Там я его и оставил и пошел куда глаза глядят – по грунтовой дорожке, мимо цветочных клумб, увидел в стене ворота, распахнул, углубился в чащу фальшивых деревьев. И замер: в меркнущем свете углядел фигуру, едва различимую среди деревьев – бронзовое, обгоревшее лицо и тело, руки скрещены на груди, кулаки сжаты, – и даже когда понял, что смотрю на манекен, не мог сдвинуться с места, прирос к земле, как и он.
Напугала меня эта голая, безликая, бесполая фигура – не просто кукла, как в магазине, но страж, застывший в угрожающей позе. Он отличался от того манекена, который попался мне в пустом коридоре. Между нами возникло напряжение, и я подходил к нему с опаской, а подойдя, увидел и другие манекены, скрывавшиеся между деревьями. Я не просто на них смотрел, я скорее наблюдал за ними, боязливо присматривался. Кажется, не двигались они только потому, что пока не хотели. Стояли, скрестив руки, вытянув по швам, протянув вперед, один вообще без рук, другой без головы – крепкие тела в разводах темной краски, как громом пораженные, и только здесь им место.
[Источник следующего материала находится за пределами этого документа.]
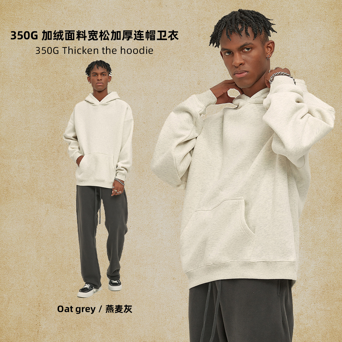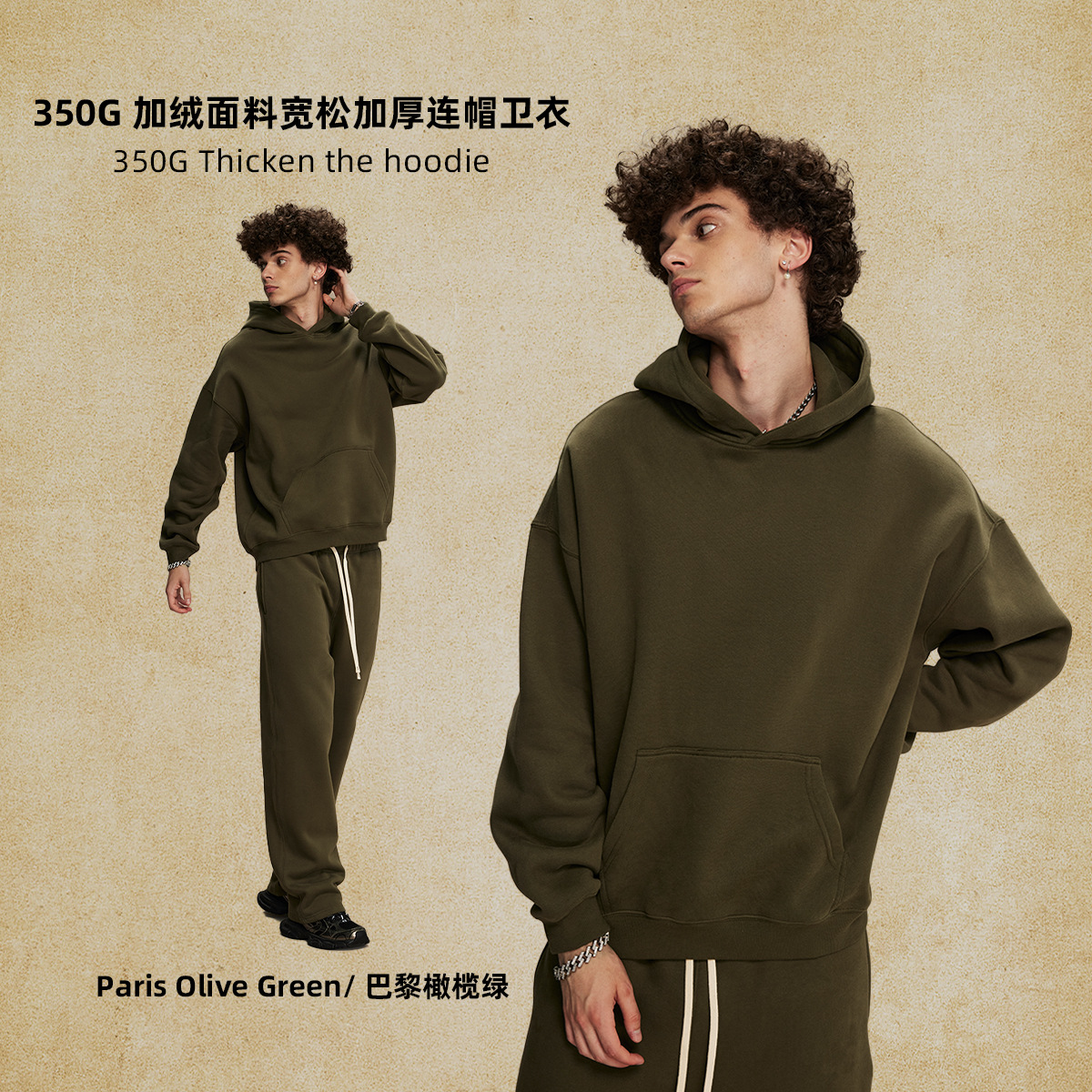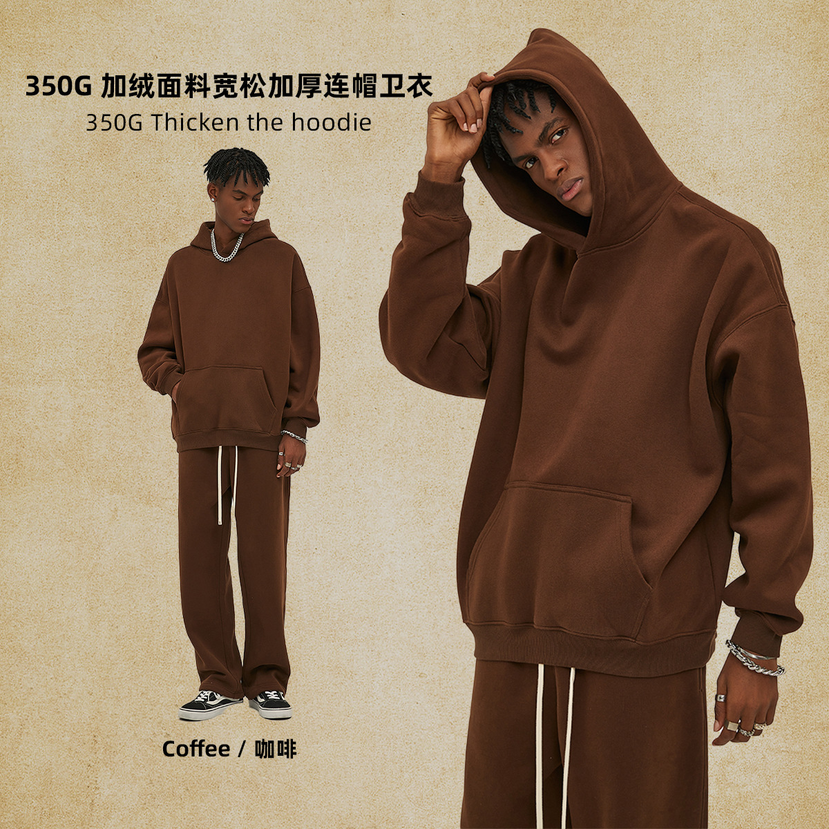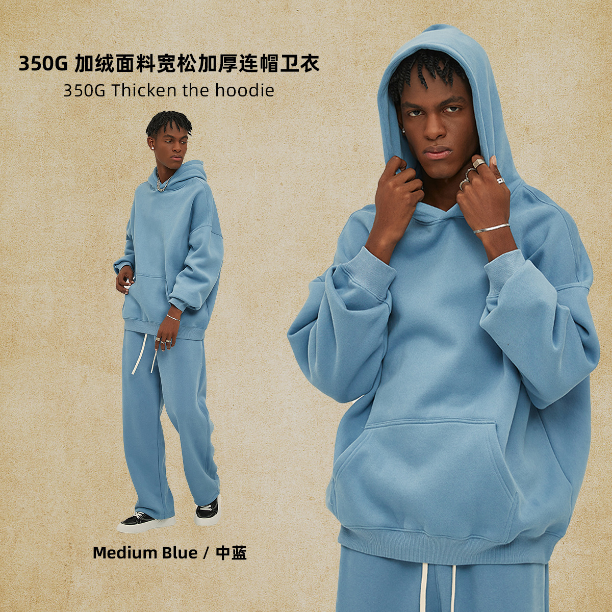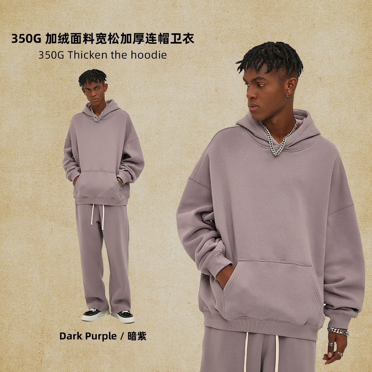 2025 가을, 겨울 신제품 특대 두꺼운 후드 유행 브랜드 남성 운동복 미국 풀오버 350g 남성용 단색 운동복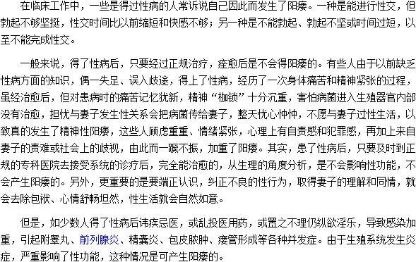 相信很多人會對如果得了性病會不會引起陽痿的問題比較感興趣,為此,醫(yī)學(xué)教育網(wǎng)編輯特地為您準(zhǔn)備了這篇關(guān)于如果得了性病會不會引起陽痿的文章,希望對您有幫助。

На небольшой поляне я увидел строение, торчавшее углом из земли, над входом – козырек в форме остроконечной крыши. Вошел – сделал десяток шагов – в сводчатое помещение, в крипту: сумрачно, сыро; пол, потолок, стены – из растрескавшегося серого камня, и в стенах углубления, а в них помещены тела, вернее полутела, поясные фигуры, манекены, якобы законсервированные мертвецы, в поношенных одеяниях с капюшонами, каждый в своей нише.
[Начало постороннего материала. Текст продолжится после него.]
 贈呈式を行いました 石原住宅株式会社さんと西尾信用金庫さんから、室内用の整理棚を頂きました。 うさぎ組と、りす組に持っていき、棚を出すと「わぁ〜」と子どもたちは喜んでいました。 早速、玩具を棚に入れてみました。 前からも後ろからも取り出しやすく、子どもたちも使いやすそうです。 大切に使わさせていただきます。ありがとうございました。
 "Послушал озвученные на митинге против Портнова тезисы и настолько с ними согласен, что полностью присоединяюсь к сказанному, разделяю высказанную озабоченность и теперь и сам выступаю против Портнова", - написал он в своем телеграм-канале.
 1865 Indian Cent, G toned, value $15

Я силился уразуметь, что же вижу. Подыскивал слово. Нет, не крипта, не грот, я подбирал другое название, а пока что просто внимательно смотрел по сторонам, суммируя детали представшей передо мной картины. У этих манекенов были лица, стершиеся, изъеденные – глаза, нос, рот, – разрушенные лица, пепельно-серые, и морщинистые руки, тоже подпорченные. Я насчитал около двадцати таких фигур и несколько цельных, в полный рост, – они стояли, опустив головы, в старых, изорванных рясах. Я пошел дальше, между рядами тел – ошеломляющее зрелище, и само это место, и само слово тоже, а слово было вот какое – катакомба.
Фигуры, святые-пустынники, мумии, иссохшие в подземной гробнице, – замкнутый с ними в одном пространстве, я заворожен, а в воздухе витает еле уловимый запах тлена. Стою не дыша. Более чем очевидная трактовка: эти статуи символизируют праотцов, предыдущую версию мужчин и женщин, зафиксированных вертикально внутри криокапсулы, – настоящих людей на пороге вечности. Но трактовать не хотелось. Хотелось видеть и ощущать явленное здесь, пусть, погружаясь в это переживание, я и понимал, что не для меня оно.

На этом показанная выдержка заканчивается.